News from the Vault: Bladensburg, Revisited or That Old Rugged Cross

I asked not long ago in my conversation about the  appointment of Allison Jones Rushing if her view of "offended observer" standing would be consistently applied:
I wonder, however, what the consequences of such a view would have had on cases like Masterpiece Cakeshop v. the Colorado Civil Rights Commission. At a first approximation, it seems to me that Rushing's logic commits her to the view that the Roberts Court is in error. Has anyone seen any commentary or writing by her on this decision? Should I hold my breath in anticipation of logical consistency, and her forceful admonition of that decision? Or will I asphyxiate on hope?
The decision in  The American Legion v. American Humanist Association case offers some insight into its use in future cases.
The central argument running throughout the majority decision is this: do time and ambiguous motives relieve religious symbols of their religious character? Justice Alito affirms that they do. He argues that the passage of time obscures the motivation for the establishment of such monuments, and that it can alter citizens' perspective of the monument, obscuring religious sentiment and promoting a secular understanding of the context in which the monument appears. His criteria are twofold: on one hand there is the question of motive, and on the other of the point of view its audience has of the symbol. Alito will declare that the Bradensburg Cross is constitutional precisely because of the effects of time on these two criteria, but before he can do so must address the traditional test for such questions. He describes this test:
Under the Lemon test, a court must ask whether a challenged government action (1) has a secular purpose; (2) has a “principal or primary effect” that “neither advances nor inhibits religion”; and (3) does not foster “an excessive government entanglement with religion,” 403 U. S., at 612–613 
Now it's clear immediately that officially associating the memory of those who died in the First World War with the central and most important symbol in Christianity advances the religion by conferring on it the solemn reverence of the memory of fallen soldiers. It is to say that while these soldiers might have died in promoting our interests, their selfless sacrifice will be rewarded in heaven just as Christ's sacrifice on the cross has redeemed us all. This isn't merely a primary effect, it is the purpose of the symbol, which is only associated with Christianity. Thus the purpose of using crosses as a memorial is decidedly not secular, and the message here clearly demonstrates the dominance of Christian sacrifice over that of the only other symbol used, which was the Star of David. Justice Alito's decision clearly violates the Lemon test, as have many decisions by this and other courts, and so the test is simply repudiated as being unworkable. The Lemon test is no longer a precedent to guide future decisions by. Absent this contradiction, Alito's rationale based on the effects of time on understanding the motive for the monument and the audience's reception of it carries the decision, winning over seven of the nine judges.
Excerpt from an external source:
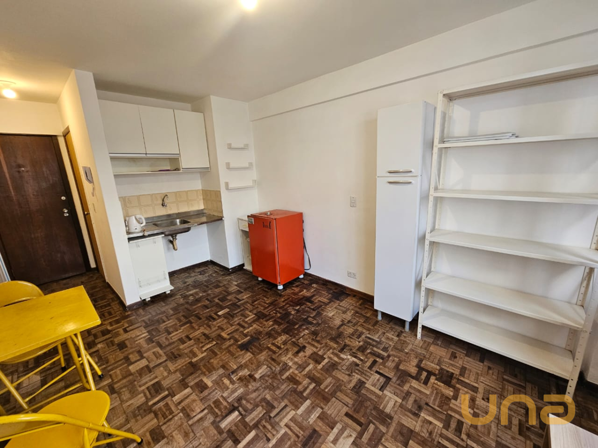 01 quarto conjugada com a cozinha com pia e geladeira, piso taco, 01 banheiro, ensolarado, sem vaga de garagem, chuveiro elétrico, botijão de gás.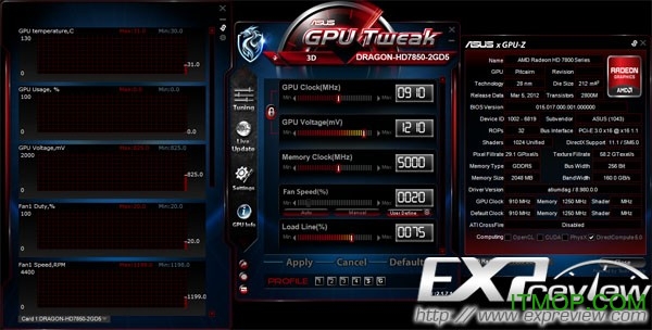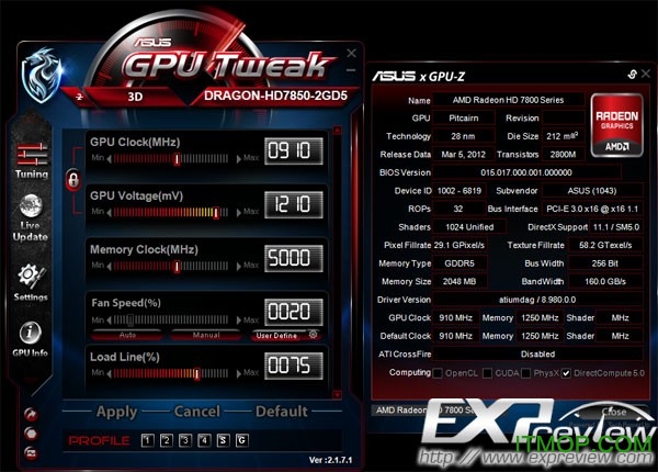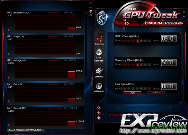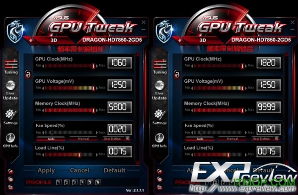 GPU Tweak的功能在此已经全部介绍完毕,它的功能非常全面,可以全面覆盖NVIDIA与AMD的显卡,无论哪个品牌的显卡都能够使用GPU Tweak进行超频,另外软件还可以轻松的解除频率的上限,玩家不需要再被限制约束,可以冲击更高的频率。目前新版的GPU Tweak已经可以把HD 7850的电压提升到1.3V了。

Among the several supplementary opinions added in support of the decision, it is Gorsuch, joined by Thomas, who addresses "offended observer" status directly. In their view, dismissing the precedent of the Lemon test eliminates any confusion on the subject, and while they agree with the majority decision throughout, they add that this case has no standing to be heard in the first place:
This “offended observer” theory of standing has no basis in law. Federal courts may decide only those cases and controversies that the Constitution and Congress have authorized them to hear. And to establish standing to sue consistent with the Constitution, a plaintiff must show: (1) injury-in-fact, (2) causation, and (3) redressability. The injury-in-fact test requires a plaintiff to prove “an invasion of a legally protected interest which is (a) concrete and particularized . . . and (b) actual or imminent, not conjectural or hypothetical.”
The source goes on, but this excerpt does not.